Иван кивнул и окончательно поверил, что промежуточное это состояние, в котором пребывал все эти годы после детства, как куколка, в которой смутно брезжит будущая жизнь, теперь закончилось и начинается под руководством Эдисона что-то новое: родная и чужая небывалая Москва, по улицам которой мать ходила им беременной, великая пустошь привольной и нищей страны, соленый железистый вкус русской речи, которым ты опять ошеломлен, как в детстве – вкусом собственной горячей жирной крови, которая течет из свежего пореза на костяшках или рубиновой капелью шмякается в прах – как будто из испорченного крана, из носа, сокрушенного чужим мосластым кулаком… и женщины, которые проходят мимо, нечаянно, бездумно задевая тебя душистым краем своей здоровой силы и отмытой молодости…

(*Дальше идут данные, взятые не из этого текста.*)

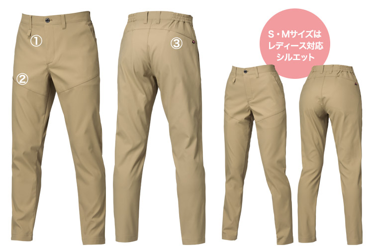 ポリエステル100%なのにマットな質感とソフトな肌触りが特徴の植物由来の合成繊維「エコディア®」を採用。スポーティですっきりとしたテーパードシルエットが魅力のSDGs対応ワークパンツです。
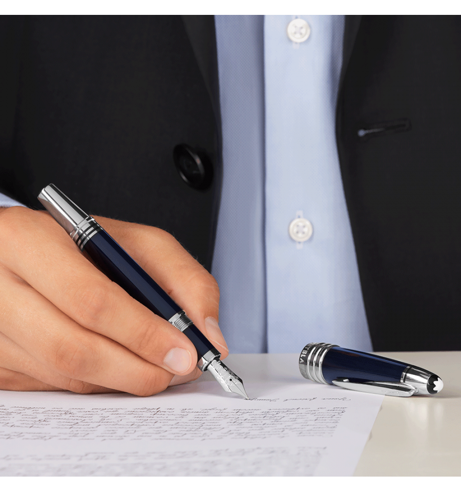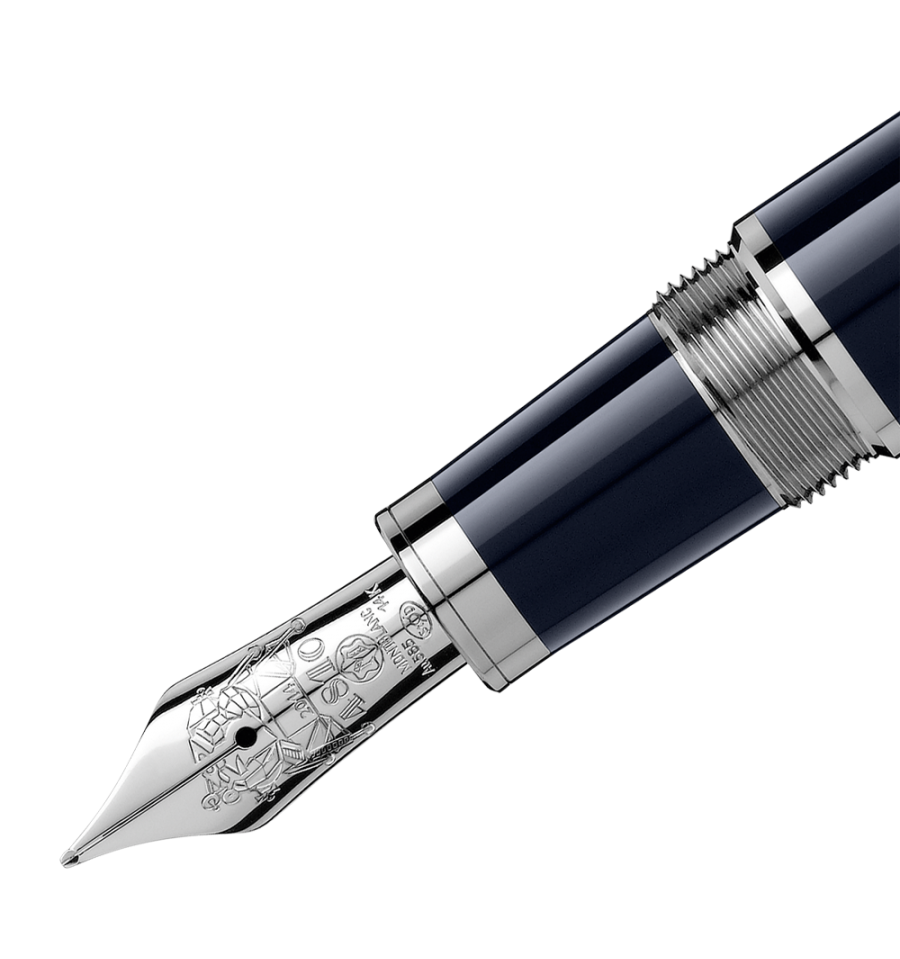 Commémorant l'une des personnalités les plus appréciées de l'Histoire contemporaine, le stylo plume John F. Kennedy Édition Spéciale comporte des références symboliques de la vie de J.F. Kennedy dans de subtils détails de design. La résine précieuse bleue fait référence à la fois à la carrière de Kennedy dans l'U.S.Navy et au style de la célèbre Ivy League. Ses initiales "JFK" sont gravées sur l'agrafe platinée, et les trois bagues platinées ornant le capuchon représentent les trois frères de Kennedy. En hommage aux rêves et aux espoirs de la nation américaine incarnés par le programme spatial Apollo, le projet phare cher à Kennedy, la plume en or 14K fabriquée à la main est gravée d'une représentation du module lunaire qui s'est posé sur la Lune en 1969. Cette Édition Spéciale est couronnée par un emblème Montblanc en résine précieuse.

Все это – родина, язык и женщины – соединялось в целое, в единую густую, горячую субстанцию, которая должна была вот-вот прорваться, вспыхнуть, хлынуть из свежего пореза, ссадины, пробоины… прав, прав был Эдисон, когда он говорил про «первобытный синкретизм»… и подхватить его, Ивана, вечной неумолимой убийственной тягой, той самой, которая в осенний гон сшибает лося с летящей по шоссе машиной и торжествует над диктатом разума или защитного инстинкта в каждом существе, будь то сторожкий селезень или себя стыдящийся, пугливый, неуклюжий парубок уже с колючей жесткой щеточкой над верхней губой.
Волчья сыть
1
Полуторатонный нагульновский крейсер, сияя черным лаком кузова и хромом мощной радиаторной решетки, со скоростью сто километров в час прошел, распугивая встречных и параллельных тихоходов, по Суворовской, свернул на территорию Черкизовского рынка – угрозно посигналив пасущимся парнокопытно, жвачно дебилам в камуфляже ЧОП «Центурион» – мгновенно узнали, подняли шлагбаум, впустили.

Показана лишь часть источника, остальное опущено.